Стоит мне зайти в класс, как все разговоры прекращаются. Всего на секунду, но не заметить это невозможно. Все от меня отворачиваются и начинают рассматривать классную доску, оконные рамы или старый плакат с надписью: Keep calm and Shakespeare on[4]. Бессмыслица какая-то. Раньше никогда не замечала, насколько это дурацкая фраза.

Сажусь на свое место в первом ряду, и по спине бегут мурашки: я чувствую, что все на меня смотрят. Каждый звук, каждый жест усиливается в тысячи раз: вот я открываю ноутбук; скрипит стул; шуршат рукава блейзера, когда я их подтягиваю.

Потом заходит мисс Джонсон и смотрит на меня так, что все внутри холодеет. Ее губы поджаты, тонкие брови почти сошлись на переносице. Она преподает у нас шесть лет, три года была в декрете; сколько я ее знаю, никогда не видела, чтобы она так сердилась. Тут наши взгляды встречаются, но она смотрит на меня не как обычно – «вот моя любимая ученица, всегда первая во всем», – а совсем иначе – «вот та дрянь, что испортила мне день». Моя растерянность сменяется чистейшим тошнотворным страхом.

Проклятые черновики.

Я зациклилась на том, что писала Джулиусу, и забыла, что у этих писем были и другие адресаты. Моя учительница английского, например.

– Прежде чем мы окунемся в прекрасный мир литературы, хочу сделать объявление, – говорит она и не ставит портфель на стол, а шмякает им со всей силы. – Если кто-то из вас недоволен выставленной оценкой, можете обсудить это со мной цивилизованно.
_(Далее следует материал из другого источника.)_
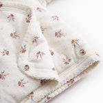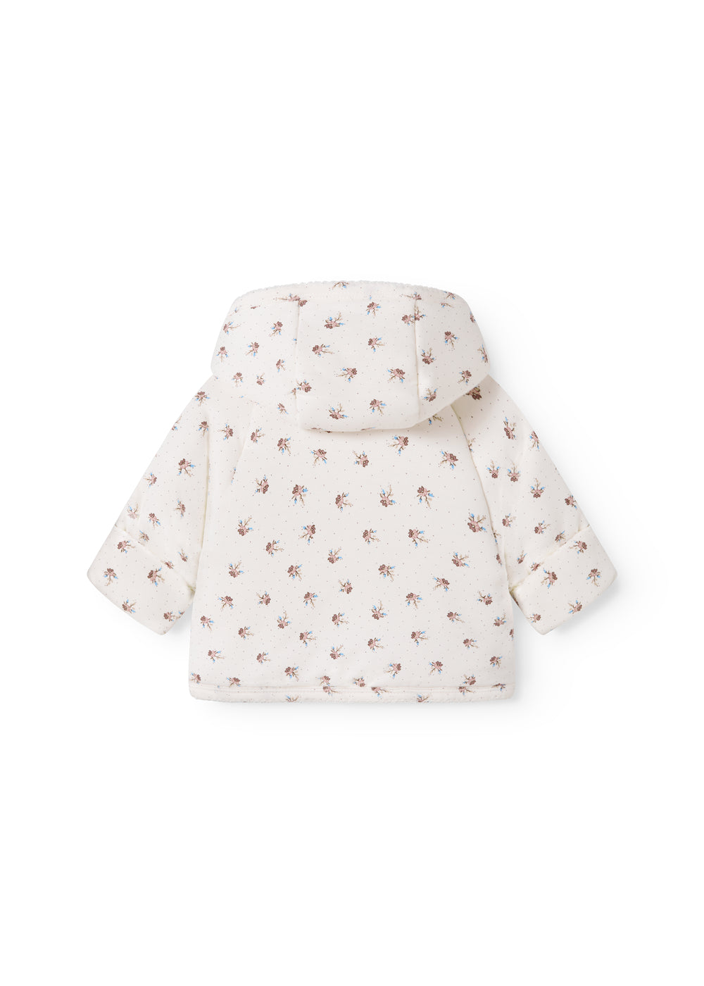 Varm vatteret jakke til de mindste med hætte og knap slå-om-lukning. Jakken fra 0M-9M har smart ombuk mulighed på ærmerne for at holde den lille varm. Jakken har et fint print og er både blød, strækbar og behagelig at have på.

При этом она бросает на меня резкий взгляд, и больше всего мне хочется, чтобы бездна разверзлась под ногами и поглотила меня целиком.

– Также учтите, что мой стаж как преподавателя намного больше вашего как учеников, – продолжает мисс Джонсон. – И хотя оценки по английскому выставляются более субъективно, чем по другим предметам, у нас тоже есть строгие критерии. Конечная оценка не случайна; если вам кажется, что вы заслуживаете более высокий балл, докажите. Я ясно выразилась?

Все медленно кивают. Слышу, как кто-то шепчет за спиной:

– Кто ее так разозлил?

– Думаю, тот же, кто разозлил остальных, – шепчут в ответ.

Над классом повисает тишина, и мой мозг автоматически додумывает, как все тычут в меня пальцем. Щеки и уши краснеют; кажется, к ним прилила вся кровь.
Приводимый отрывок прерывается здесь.